Criticisms
Advocacy journalists and civic journalists criticize the understanding of objectivity as neutrality or nonpartisanship, arguing that it does a disservice to the public because it fails to attempt to find truth. They also argue that such objectivity is nearly impossible to apply in practice — newspapers inevitably take a point of view in deciding what stories to cover, which to feature on the front page, and what sources they quote. Media critics such as Edward S. Herman and Noam Chomsky (1988) have described a propaganda model that they use to show how in practice such a notion of objectivity ends up heavily favoring the viewpoint of government and powerful corporations.
Another example of an objection to objectivity, according to communication scholar David Mindich, was the coverage that the major papers (most notably the New York Times) gave to the lynching of thousands of African Americans during the 1890s. News stories of the period often described with detachment the hanging, immolation and mutilation of people by mobs. Under the regimen of objectivity, news writers often attempted to balance these accounts by recounting the alleged transgressions of the victims that provoked the lynch mobs to fury. Mindich argues that this may have had the effect of normalizing the practice of lynching.
Historical (including social and cultural) factors have also shaped objectivity in journalism, as acknowledged and addressed in peace journalism. These are particularly relevant with regard to the large proportion of journalism about conflict. As noted below, with the growth of mass media, especially from the nineteenth century, news advertising became the most important source of media revenue. Whole audiences needed to be engaged across communities and regions to maximize advertising revenue. This led to "Journalistic Objectivity as an industry standard…a set of conventions allowing the news to be presented as all things to all people"). And in modern journalism, especially with the emergence of 24-hour news cycles, speed is of the essence in responding to breaking stories. It is not possible for reporters to decide "from first principles" every time how they will report each and every story that presents itself. So convention governs much of journalism.

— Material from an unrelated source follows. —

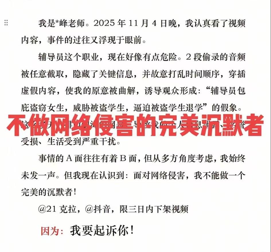 网上出现一则上海建桥学院辅导员某峰老师对4000多手表丢失事件的回应,称不再沉默,2段录音被有意截取,曲解事实,有诱导嫌疑。 面对个人信息泄露,生活被干扰,有损形象,某峰老师要起诉维权了。 至于某峰老师有没有包庇偷盗者,有没有知情不报,现在只需要等待官方结论,在结论出来之前,看客先别着急站队就好。 发这则回应贴的博主网名“带钩郎”,空间设定成“作者仅允许自己评论”。 帖子中间有一行醒目的红字,“不做网络侵害的完美沉默者”。 不管怎样,因为这件事那位大一女生申请退学,总是很可惜的一件事。 一年的学费、住宿费和生活费,可比这手表多多了。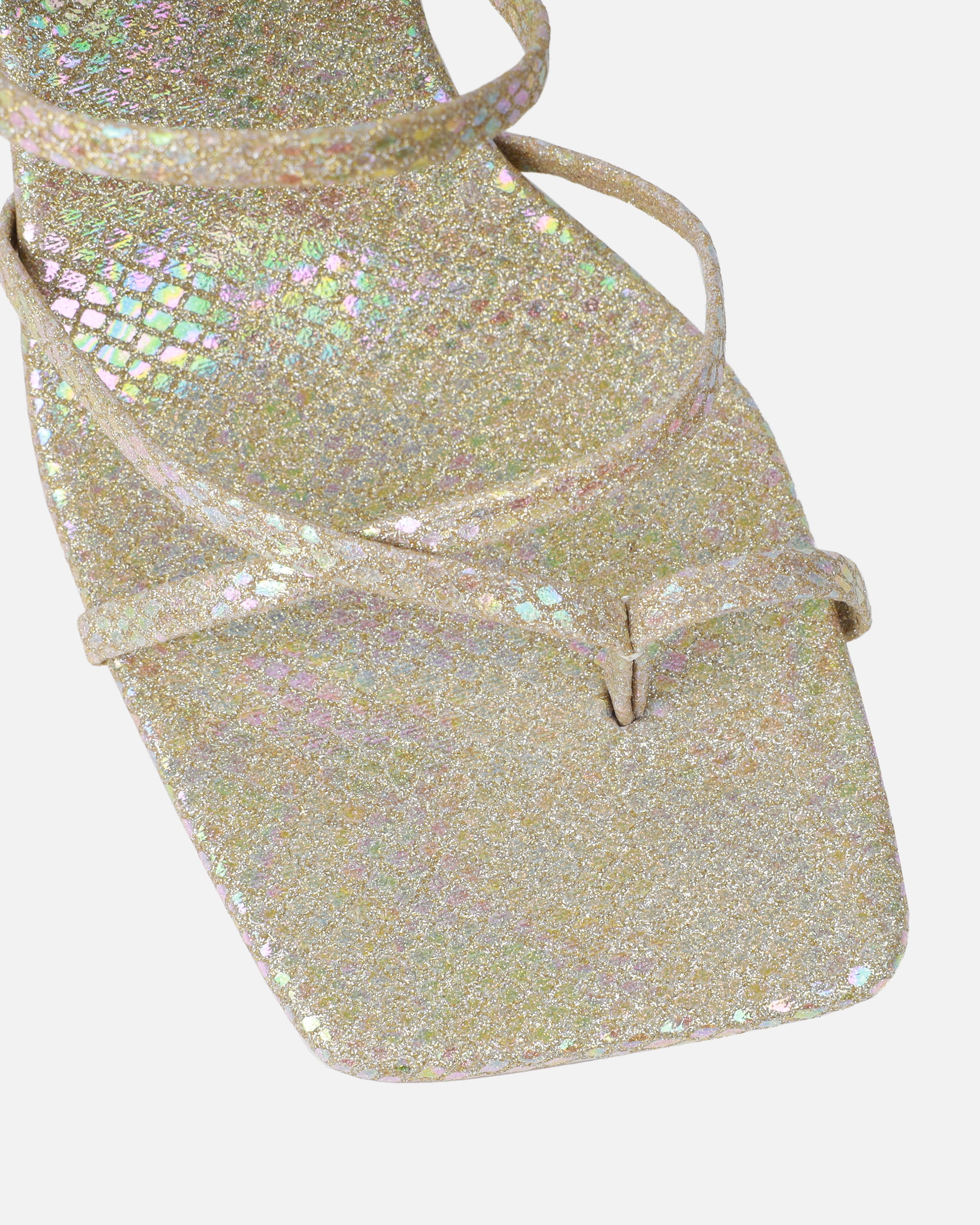 Gold Shimmer Faux Snake Strappy Mid Heel Mules

“ | Reporters are biased toward conflict because it is more interesting than stories without conflict; we are biased toward sticking with the pack because it is safe; we are biased toward event-driven coverage because it is easier; we are biased toward existing narratives because they are safe and easy. Mostly, though, we are biased in favor of getting the story, regardless of whose ox is being gored. | ” |
—Brent Cunningham, 2003 |
Brent Cunningham, the managing editor of Columbia Journalism Review, argues that objectivity excuses lazy reporting. Objectivity makes us passive recipients of news, rather than aggressive analyzers and explainers of it. If a journalist is on a deadline and all he or she has is “both sides of the story”, that is often good enough, failing to push the story, incrementally, toward a deeper understanding of what is true and what is false. According to Cunningham, the nut of the tortured relationship with “objectivity” lies within a number of conflicting diktats that the press operated under; be neutral yet investigative; be disengaged but have an impact; be fair-minded but have an edge. Objectivity is not possible because we all have our biases, including journalists. No individual embodies all perspectives of a society. In 1996 the Society of Professional Journalists acknowledged this dilemma and dropped “objectivity” from its ethics code.
James Carey, a communications theorist, points out that we are entering a new age of partisanship.
Cunningham, however, argues that reporters by and large are not ideological warriors. They are imperfect people performing a difficult job that is crucial to society. “Despite all our important and necessary attempts to minimize our humanity, it can’t be any other way,” Cunningham concludes.